■ Action item
The lines to copy run from the one containing "中国第一代舰载战斗机歼-15成功着舰" to the last line of the entries; output those lines exactly and only them, without pictures.

[Collected data]
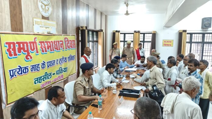 चंदौली। जिलाधिकारी चन्द्र मोहन गर्ग व पुलिस अधीक्षक आदित्य लांग्हे की अध्यक्षता में शनिवार को चकिया तहसील में जिलास्तरीय सम्पूर्ण समाधान दिवस का आयोजन किया गया। इस दौरान उनके समक्ष कुल 73 प्रार्थना पत्र पड़े जिनसे से तीन का मौक़े से निस्तारण कर दिया। साथ ही एक दर्जन से अधिक शिकायतों में टीम भेजकर निस्तारण के साथ रिपोर्ट प्रस्तुत करने के कड़े निर्देश दिए गए। वही बिना सूचित किए सम्पूर्ण समाधान दिवस में अनुपस्थित रहने पर आधा दर्जन से अधिक अधिकारियों को कारण बताओं नोटिस जारी करने के लिए उप जिलाधिकारी को निर्देश दिए।
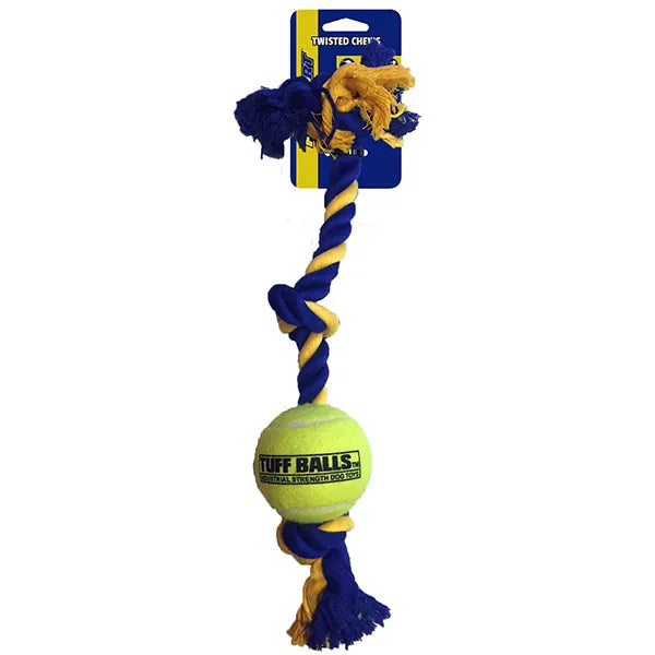 Geflochtenes Seil gefertigt aus starker, "1st class" Baumwolle. Es gibt viele Seilspielzeuge für Hunde auf dem Markt, jedoch wenige so gut wie dieses! Die blau/gelbe Farbe kann Ihr Hund z. B. auf Rasen besonders gut erkennen.
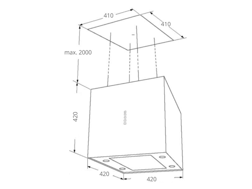 Ostrůvková lustrová digestoř, šíře 40 cm, černá / černé sklo, max. výkon 726 m³/h (5 Pa), hlučnost Lw 51 – 69 dB(A), 3 rychlosti + TURBO, odsávací jednotky mají individuálně vyvažovanou turbínu, motory jsou opatřené vratnými tepelnými pojistkami (při přetížení motoru vypne, po jeho vychladnutí opět sepne), kovové sendvičové tukové filtry, které lze mýt v myčce, digestoř určená pro provoz v recirkulačním režimu, VIP výbava: úsporné LED osvětlení 4 × 2 W, elektronické dotykové ovládání s doběhovým časovačem, zdarma dálkový ovladač i s bateriemi, Benefity: používání dálkového ovládání usnadňuje údržbu digestoře (méně otisků na digestoři = snazší čištění), ovladač je opatřený magnetem, lze jej přichytit třeba na dveře lednice (může být snadno po ruce, nikam nezapadne)
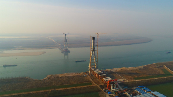 在北岸(an)主(zhu)塔施工過程中,大(da)橋(qiao)建(jian)設者們先(xian)后(hou)攻克(ke)了(le)超厚(hou)粉細砂地層長大(da)鉆孔(kong)灌注樁(zhuang)施工、大(da)型承臺水(shui)下封底(di)施工及大(da)體(ti)積(ji)混(hun)凝土(tu)防開(kai)裂等(deng)技術難題(ti),順利完成(cheng)了(le)北岸(an)主(zhu)塔封頂目標。據目前(qian)進度,大(da)橋(qiao)南岸(an)主(zhu)塔也(ye)將在4月初(chu)封頂,預計2019年底(di)建(jian)成(cheng)通車。
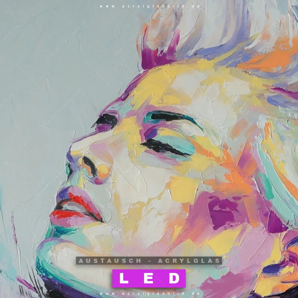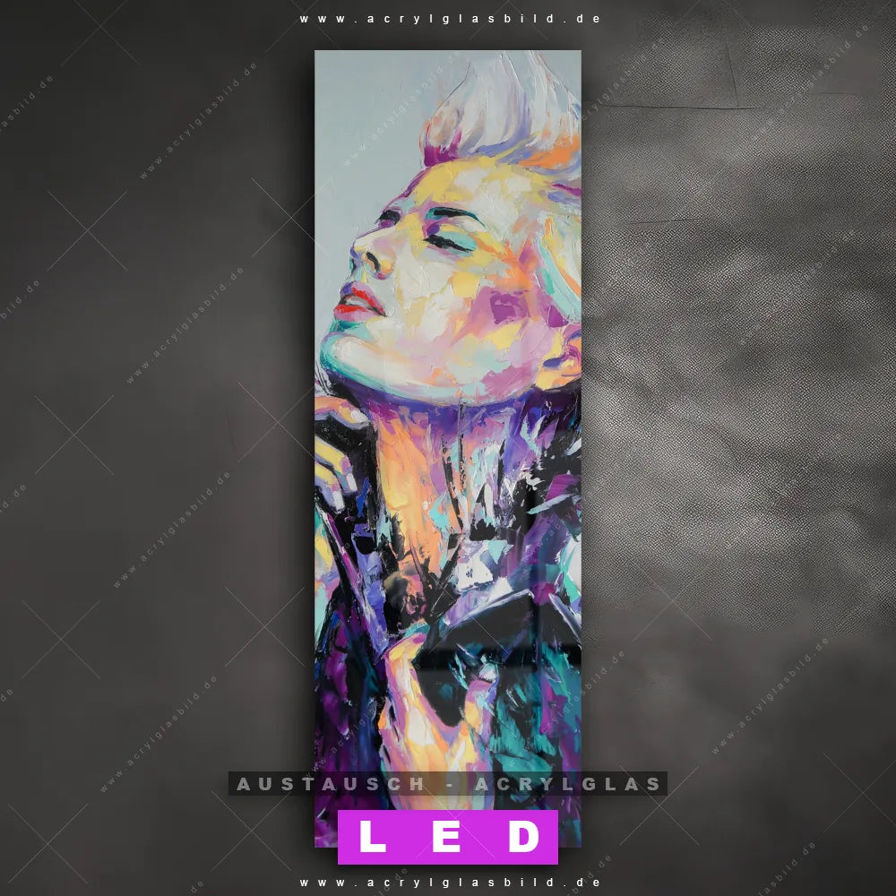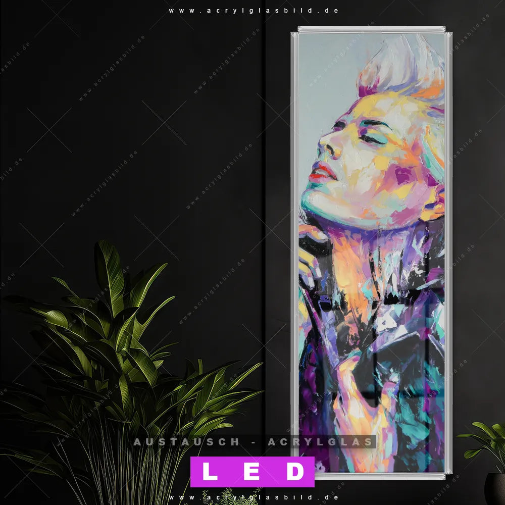 Begriffe wie Abstrakt, Modern, Kunst, Gemälde, Ölfarbe, Leinwand, Frau, Portrait, Gesicht haben dich auf der Suche nach deinem neuen Austausch-Acrylglasbild inspiriert? Dann sollte das Wechsel-Acrylglasbild farbenfrohe Schönheit für dein bereits vorhandenes LED Acrylglasbild Canvalight® DIA den Weg zu dir finden.
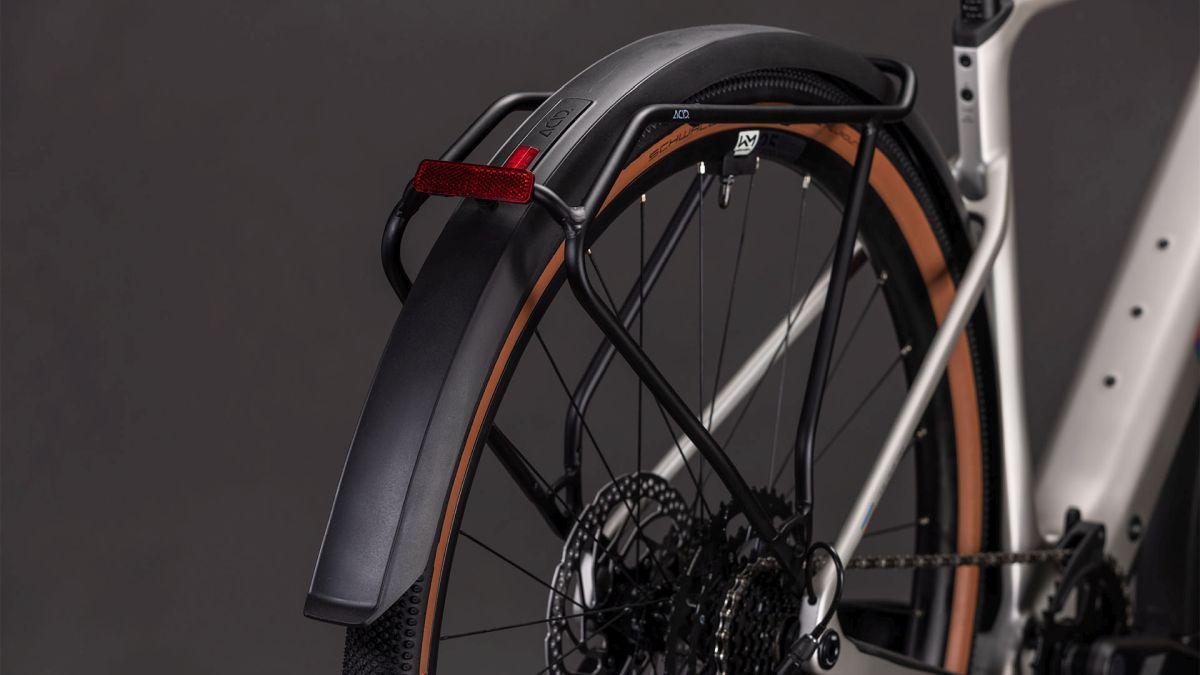 Vollausstattung ist Vollausstattung, Punkt. Insofern besteht das Zubehörpaket des Nulane Hybrid C:62 FE aus Schutzblechen, einem Gepäckträger hinten, Lichtern und einem Seitenständer, was es zum idealen Zweiradpartner für sämtliche Einsatzbereiche macht, ob täglicher Arbeitsweg oder längere Tour ins Gelände. Doch es kommt noch besser: Sein geschmeidig arbeitender, leichter Bosch SX Antrieb samt 400 Wh Akku hat bis zu 60 Nm Drehmoment im Angebot und verschwindet praktisch ungesehen im eleganten Rahmen aus leichtem C:62® Carbon. Selbst bei Nässe sicher und kraftvoll gebremst wird mit leistungsstarken hydraulischen Shimano Scheibenbremsen – komfortable, 45 mm breite Reifen von Schwalbe liefern den nötigen Grip. Last, but not least haben wir diesem E-Allrounder eine leichtgängige 9-fach Cues Schaltung von Shimano spendiert. Keine Zweifel, mit diesem Bike ist eine pünktliche – und entspannte – Ankunft am Ziel garantiert!
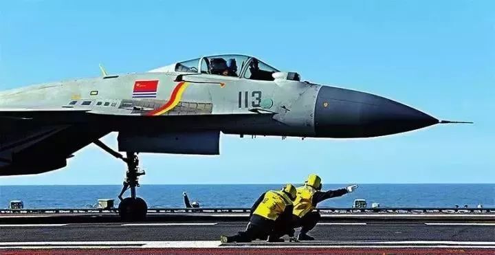 中国第一代舰载战斗机歼-15成功着舰
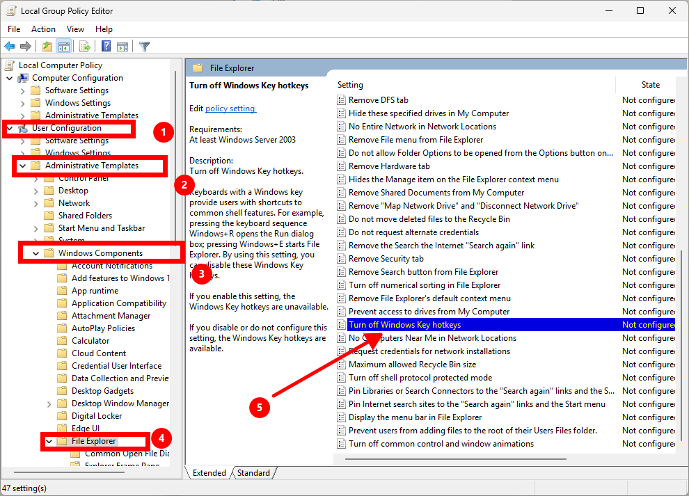 用户配置 > 管理模板 > Windows组件 > 文件资源管理器

■ Response
 中国第一代舰载战斗机歼-15成功着舰
 用户配置 > 管理模板 > Windows组件 > 文件资源管理器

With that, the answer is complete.